━━━━━ Available data
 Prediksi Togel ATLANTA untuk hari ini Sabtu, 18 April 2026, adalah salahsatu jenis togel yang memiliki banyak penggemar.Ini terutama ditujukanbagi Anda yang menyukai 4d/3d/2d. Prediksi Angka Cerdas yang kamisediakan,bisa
━━━━━━━━━━
━━━━━ Available data
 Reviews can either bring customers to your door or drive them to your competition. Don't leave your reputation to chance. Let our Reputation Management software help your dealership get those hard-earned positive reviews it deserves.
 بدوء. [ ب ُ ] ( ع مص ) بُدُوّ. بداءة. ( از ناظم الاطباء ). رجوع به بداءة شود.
━━━━━━━━━━
● **Your objective**
Please give again the lines above between the line holding "Reviews can either" and the line holding "بدوء. [ ب ُ", inclusive, exactly as they are and with nothing added.

● **Exercise solution**
 Reviews can either bring customers to your door or drive them to your competition. Don't leave your reputation to chance. Let our Reputation Management software help your dealership get those hard-earned positive reviews it deserves.
 بدوء. [ ب ُ ] ( ع مص ) بُدُوّ. بداءة. ( از ناظم الاطباء ). رجوع به بداءة شود.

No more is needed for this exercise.